Your comment that you would be 'reluctant to spend time reading something you thought you wouldn't be interested in' is a large part of a group's benefit. I am glad to have my horizons stretched, sometimes quite uncomfortably. The group reading has included non-fiction, biography, poetry, and travel writing (oh yes, Bruce Chatwin included).
This doesn't answer the question of why men tend not to join book clubs. Our group may be different in its informality and geographical restriction, and I know that within the wider area there are many other groups, differently run, and some with a much stricter intellectual approach - but men still are thin on the ground.
Within our own group there have been occasions when some of our male neighbours have read the same book and have wanted their views represented, but have been 'too busy' to come to the meeting. Some men have also hovered, shared the biscuits, shared a few jokes but then disappeared to do something else.
I should add that this group was formed after the death of your uncle, and I think you know what he would have thought about it. However, he would have made the tea and coffee and joined in for a bit of a chat before going off to do something more important. (And he never read fiction, either).

Avus said...

Yes, it's odd that book clubs seem to be a feminine thing. My wife has run a couple and is now a member of a local group which meets at each member's house in turn. They are all welcome here but I guess I follow your late husband's path (in your last para, above)except that I do read a lot of fiction (mostly historical)

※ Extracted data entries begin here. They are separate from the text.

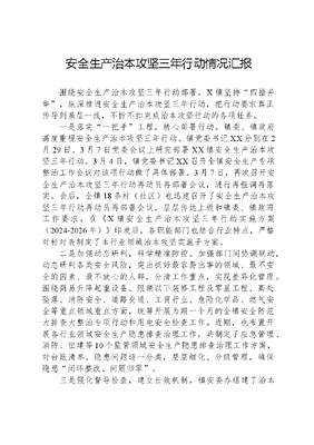 安全生产治本攻坚三年行动情况汇报围绕安全生产治本攻坚三年行动部署,X镇坚持四措并举,纵深推进安全生产治本攻坚三年行动,把行动要求真正传导到基层一线,不折不扣完成治本攻坚行动的各项任务。一是落实一把手工程,精心部署行动。镇委、镇政府高度重视安全生产治本攻坚三年行动。镇党委书记XX分别在2月29日、3月7日党委会议上研究部署XX镇安全生产治本攻坚三年行动。3月4日,镇党委书记XX召开全镇安全生产专项整治工作会议对该项行动做了具体部署。3月7日,再次召开安全生产治本攻坚三年行动再动员再部署会议,进行再强调再落实。会后,全镇18条村(社区)也迅速召开了安全生产治本攻坚三年行动再动员再部署会议,层层传达上级和镇委、镇政府工作要求。在《X镇安全生产治本攻坚三年行动实施方案(2024-2026年)》印发后,各职能部门也结合行业特点,严格对标对表制定了本行业领域治本攻坚实施子方案。二是加强动态研判,科学精准防控。加强部门间协调联动,动态研判各类安全风险,突出抓好最容易出事的领域、最不安全的因素、最不放心的人群,分清工作重点,实现差异化管理。围绕简易升降起重设备、限额以下装修工程及零星工程、高处坠落、消防安全、道路交通、工贸行业、危险化学品、燃气安全等重点领域重点方面,统筹开展为期一个月的全镇安全防范大排查大整治专项行动和用电安全检查工作。近期,也布置开展各行业领域安全生产隐患排查治理工作,共制定了应急管理、消防、住建等10个监管领域安全生产隐患排查治理工作方案,对台账清单、隐患问题逐一分类,层层细化、分级管理,确保隐患闭环整改、问题归零。三是强化督导检查,建立长效机制。镇安委办组建了治本攻坚专班,定期了解推动相关工作开展。组织镇安委会有关成员单位成立6个专项督导组,通过四不两直方式常态化开展安全生产治本攻坚督导检查,建立检查清单和隐患台账。对治本攻坚工作开展不力的村(社区)、部门,将通过约谈、督办、通报等方式,切实加大督促推动力度。继续推进重大事故隐患动态清零,2024年第一季度共排查发现42项重大事故隐患,目前,正督促相关部门跟踪落实整改,确保隐患及时清零。另外,为有效治理各行业领域安全隐患,镇安委办牵头组建安全生产隐患排查治理工作专班,工作专班实行每周例会制度,每月动态管理台账,建立完善综合监管、联动协调、隐患闭环等常态化、长效化工作机制,构建安全监管新格局。四是坚持宣传引导,提升全民素质。深入实施全民安全防范意识和自救互救能力提升工程,3月份以来,积极广泛开展了20多场安全生产宣传五进活动,深入走访企业、社区、家庭,向群众派发各类宣传资料1625份,传达治本攻坚三年行动要求,普及安全生产法律法规和各类安全常识。通过榜样示范、争先创优的方式,组织同类型企业到安全生产工作做的较好的企业或自行组织到其他镇街进行参观学习,确保加强交流、以讲促学、以学促用、达成目标。另外,镇安委办牵头定期汇总典型事故案例,按照不同类别开展集中警示教育活动。紧盯锂离子电池企业、三小场所、出租屋、人员密集场所等重点场所,常态化开展消防逃生演练,行动开展以来,共开展消防逃生演练11场,着力增强全民安全意识和应急避险、自救互救能力。文可居文库——海量学习资料,手机电脑均可下载www.wenkeju.com
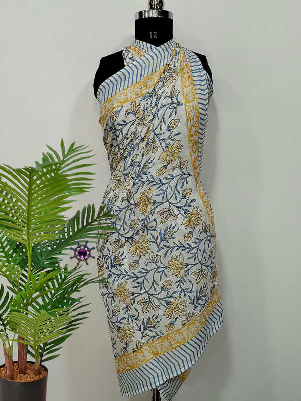 Our hand Block Printed Scarf/sarong – a 100% cotton, sustainable, and eco-friendly accessory that effortlessly transitions from a stylish scarf to a chic sarong. Perfect for summer, beach days, or casual outings, its unique hand block printing adds timeless patterns and vibrant colors.
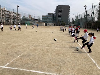 本校グランドでは、なわとびを第2グラウンドでは、ボール蹴り運動をしました。なわとびのなわをくくるのも上手になってきました。

Relatively Retiring said...

Avus: thank you for commenting. I'm very interested in group dynamics and enjoy the challenges of working with different groups and watching the patterns of interaction. I see the same patterns in groups of both men and women, and in mixed groups, so I think it must be something specific to books which causes the great divide.
Would you actually like to join? If so, make them read historical fiction!

Avus said...

I don't think my taste in historical fiction would be theirs. I like David Cornwall(e.g. the Warlord trilogy), Mary Renault (e.g. ancient Greece), George Shipway (anything) and Henry Treece (e.g.The Golden Strangers) to give you some idea!
Their tastes seem to run to Mediaeval mysteries and Tudor romances.
I used to lecture and agree with you about group dynamics

Leslee said...

Oh, this sounds wonderful! Especially the neighborhood part. I only talk to my neighbors if we happen to be out battling a snowstorm together! And not long enough to feel much community.

Relatively Retiring said...

Leslee: I hadn't realised that the book club would prove to be so beneficial to all of us. Perhaps you could provide mulled wine after the snow-clearing? That might cement a few bonds and may even attract new members. Than you could ask if anyone likes reading.